WHAT YOU HAVE TO DO:
Could you output each record below exactly as it stands and leave the pictures out?

INFORMATION GIVEN:
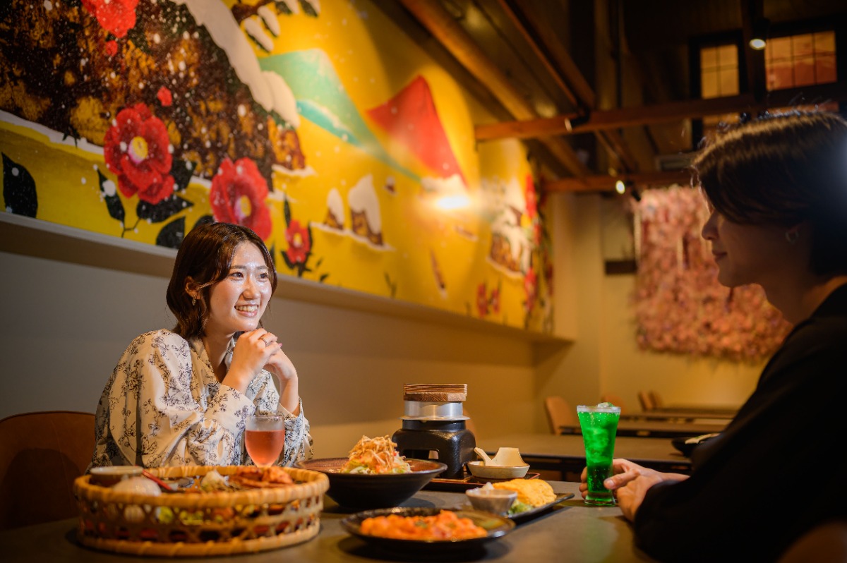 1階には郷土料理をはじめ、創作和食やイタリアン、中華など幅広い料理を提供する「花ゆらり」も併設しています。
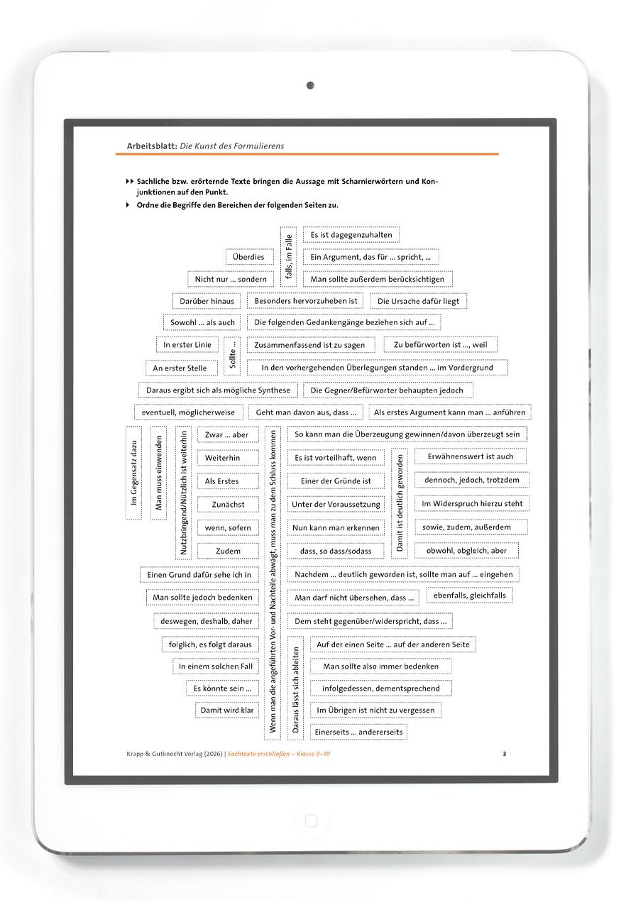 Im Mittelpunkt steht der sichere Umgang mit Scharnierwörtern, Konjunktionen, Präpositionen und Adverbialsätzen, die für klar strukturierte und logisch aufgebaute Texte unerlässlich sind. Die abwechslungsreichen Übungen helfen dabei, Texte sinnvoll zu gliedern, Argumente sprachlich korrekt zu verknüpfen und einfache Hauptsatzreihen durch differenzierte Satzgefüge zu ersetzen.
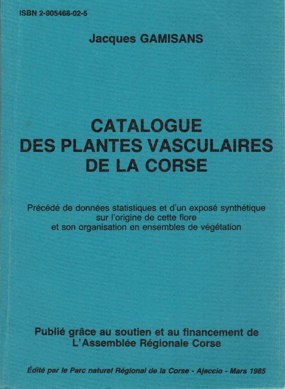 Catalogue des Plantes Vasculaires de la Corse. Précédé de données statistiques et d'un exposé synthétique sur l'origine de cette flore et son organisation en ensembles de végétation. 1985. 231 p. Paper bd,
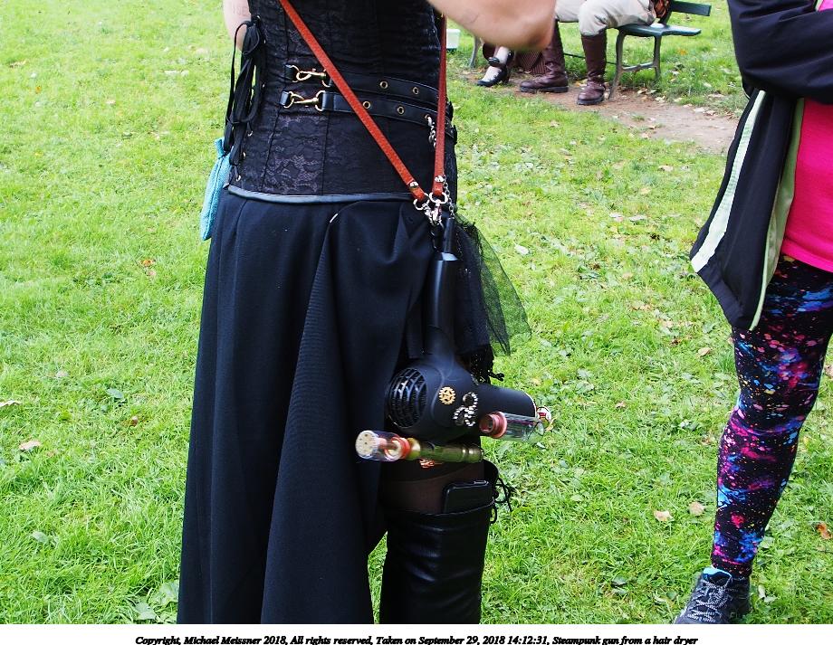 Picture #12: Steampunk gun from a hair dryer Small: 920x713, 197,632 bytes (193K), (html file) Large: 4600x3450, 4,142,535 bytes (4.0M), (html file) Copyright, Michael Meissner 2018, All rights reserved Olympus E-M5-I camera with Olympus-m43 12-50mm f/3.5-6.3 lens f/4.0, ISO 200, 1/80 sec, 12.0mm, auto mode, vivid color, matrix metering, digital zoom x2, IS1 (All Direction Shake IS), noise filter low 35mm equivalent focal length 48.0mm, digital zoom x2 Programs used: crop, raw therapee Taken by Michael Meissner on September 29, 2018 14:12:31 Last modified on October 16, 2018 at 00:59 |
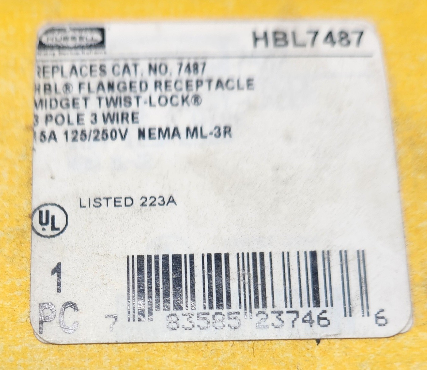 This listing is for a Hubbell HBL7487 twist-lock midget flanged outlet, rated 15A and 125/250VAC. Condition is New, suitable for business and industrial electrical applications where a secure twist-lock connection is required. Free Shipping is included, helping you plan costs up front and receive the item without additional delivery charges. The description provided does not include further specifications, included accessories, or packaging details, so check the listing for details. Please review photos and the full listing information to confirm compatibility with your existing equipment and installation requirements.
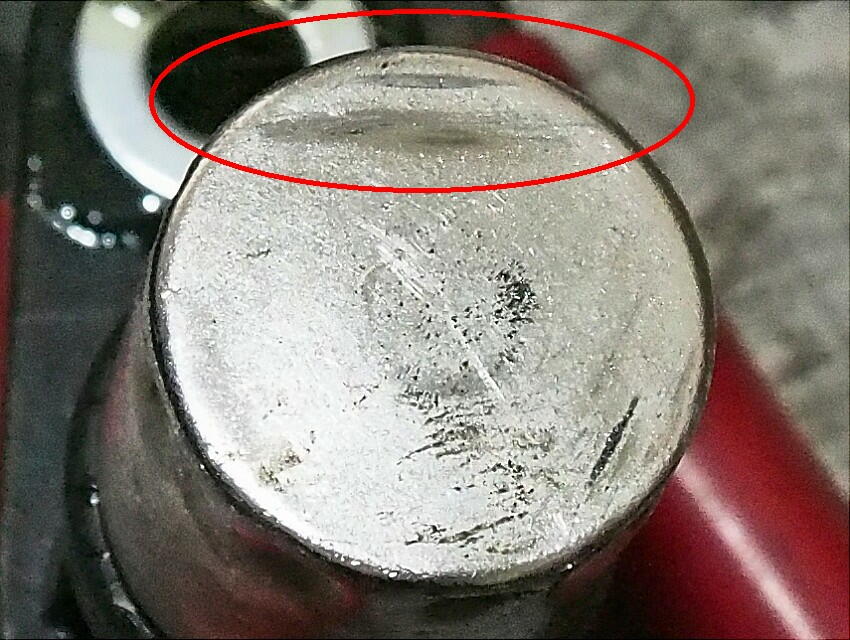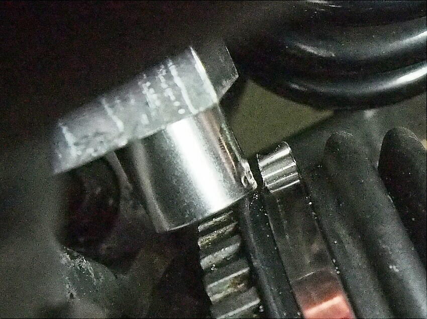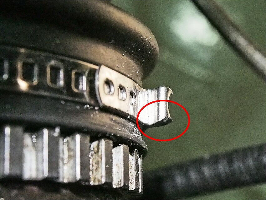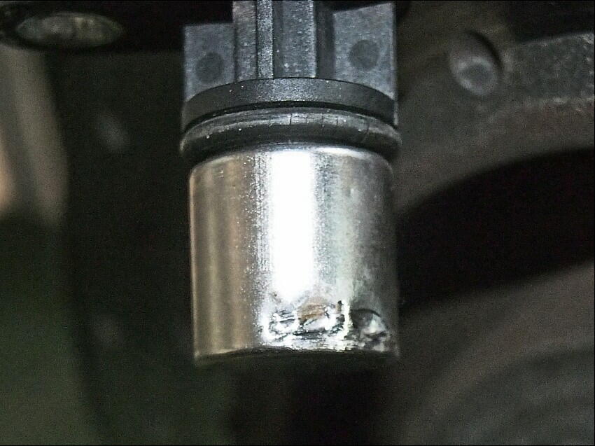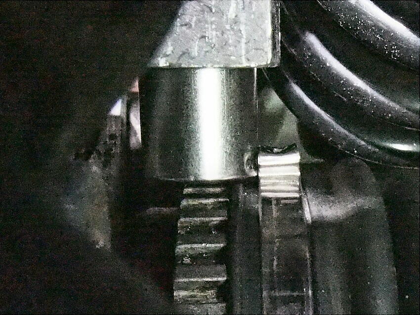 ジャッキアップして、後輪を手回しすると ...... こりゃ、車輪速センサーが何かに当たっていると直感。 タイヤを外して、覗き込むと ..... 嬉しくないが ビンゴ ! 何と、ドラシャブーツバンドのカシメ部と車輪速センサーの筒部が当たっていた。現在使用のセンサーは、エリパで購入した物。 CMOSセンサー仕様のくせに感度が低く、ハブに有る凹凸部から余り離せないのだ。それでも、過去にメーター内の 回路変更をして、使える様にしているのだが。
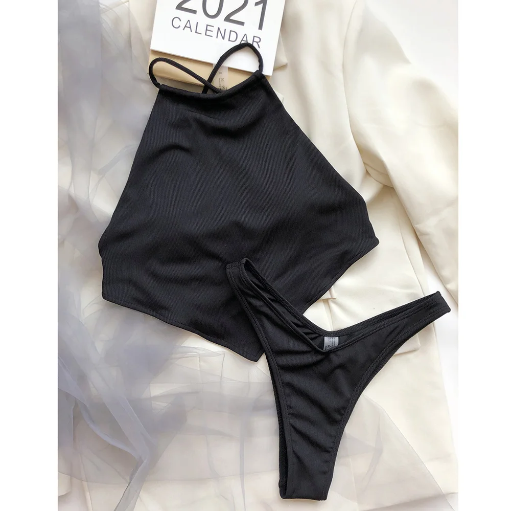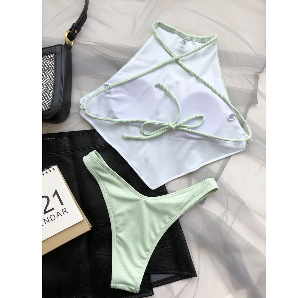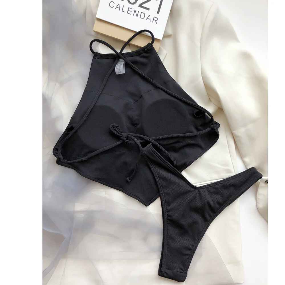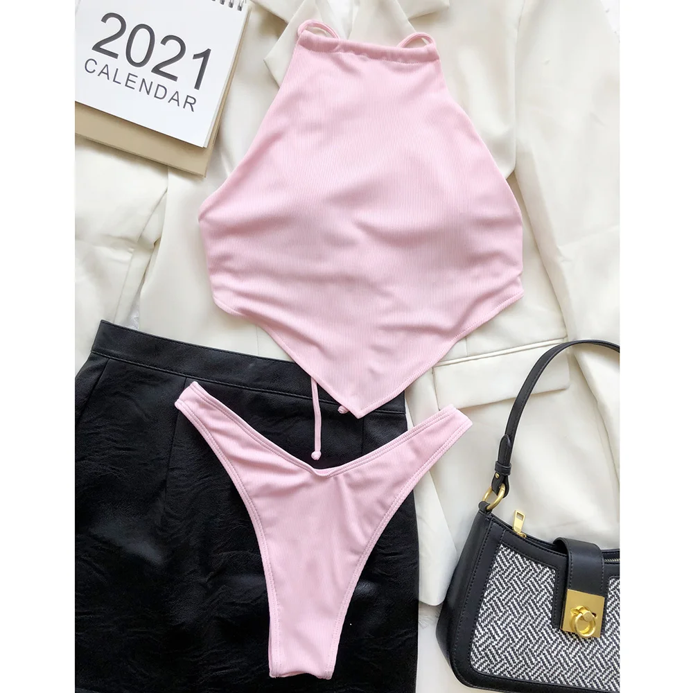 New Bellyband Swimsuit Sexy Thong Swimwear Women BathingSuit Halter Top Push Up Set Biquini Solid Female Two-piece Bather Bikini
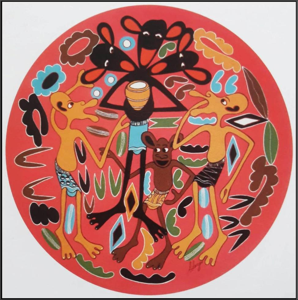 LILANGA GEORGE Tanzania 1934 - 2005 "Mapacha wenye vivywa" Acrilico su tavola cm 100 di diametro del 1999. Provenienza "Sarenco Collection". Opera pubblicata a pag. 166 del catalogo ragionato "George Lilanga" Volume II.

WORKED SOLUTION:
 1階には郷土料理をはじめ、創作和食やイタリアン、中華など幅広い料理を提供する「花ゆらり」も併設しています。
 Im Mittelpunkt steht der sichere Umgang mit Scharnierwörtern, Konjunktionen, Präpositionen und Adverbialsätzen, die für klar strukturierte und logisch aufgebaute Texte unerlässlich sind. Die abwechslungsreichen Übungen helfen dabei, Texte sinnvoll zu gliedern, Argumente sprachlich korrekt zu verknüpfen und einfache Hauptsatzreihen durch differenzierte Satzgefüge zu ersetzen.
 Catalogue des Plantes Vasculaires de la Corse. Précédé de données statistiques et d'un exposé synthétique sur l'origine de cette flore et son organisation en ensembles de végétation. 1985. 231 p. Paper bd,
 Picture #12: Steampunk gun from a hair dryer Small: 920x713, 197,632 bytes (193K), (html file) Large: 4600x3450, 4,142,535 bytes (4.0M), (html file) Copyright, Michael Meissner 2018, All rights reserved Olympus E-M5-I camera with Olympus-m43 12-50mm f/3.5-6.3 lens f/4.0, ISO 200, 1/80 sec, 12.0mm, auto mode, vivid color, matrix metering, digital zoom x2, IS1 (All Direction Shake IS), noise filter low 35mm equivalent focal length 48.0mm, digital zoom x2 Programs used: crop, raw therapee Taken by Michael Meissner on September 29, 2018 14:12:31 Last modified on October 16, 2018 at 00:59 |
 This listing is for a Hubbell HBL7487 twist-lock midget flanged outlet, rated 15A and 125/250VAC. Condition is New, suitable for business and industrial electrical applications where a secure twist-lock connection is required. Free Shipping is included, helping you plan costs up front and receive the item without additional delivery charges. The description provided does not include further specifications, included accessories, or packaging details, so check the listing for details. Please review photos and the full listing information to confirm compatibility with your existing equipment and installation requirements.
 ジャッキアップして、後輪を手回しすると ...... こりゃ、車輪速センサーが何かに当たっていると直感。 タイヤを外して、覗き込むと ..... 嬉しくないが ビンゴ ! 何と、ドラシャブーツバンドのカシメ部と車輪速センサーの筒部が当たっていた。現在使用のセンサーは、エリパで購入した物。 CMOSセンサー仕様のくせに感度が低く、ハブに有る凹凸部から余り離せないのだ。それでも、過去にメーター内の 回路変更をして、使える様にしているのだが。
 New Bellyband Swimsuit Sexy Thong Swimwear Women BathingSuit Halter Top Push Up Set Biquini Solid Female Two-piece Bather Bikini
 LILANGA GEORGE Tanzania 1934 - 2005 "Mapacha wenye vivywa" Acrilico su tavola cm 100 di diametro del 1999. Provenienza "Sarenco Collection". Opera pubblicata a pag. 166 del catalogo ragionato "George Lilanga" Volume II.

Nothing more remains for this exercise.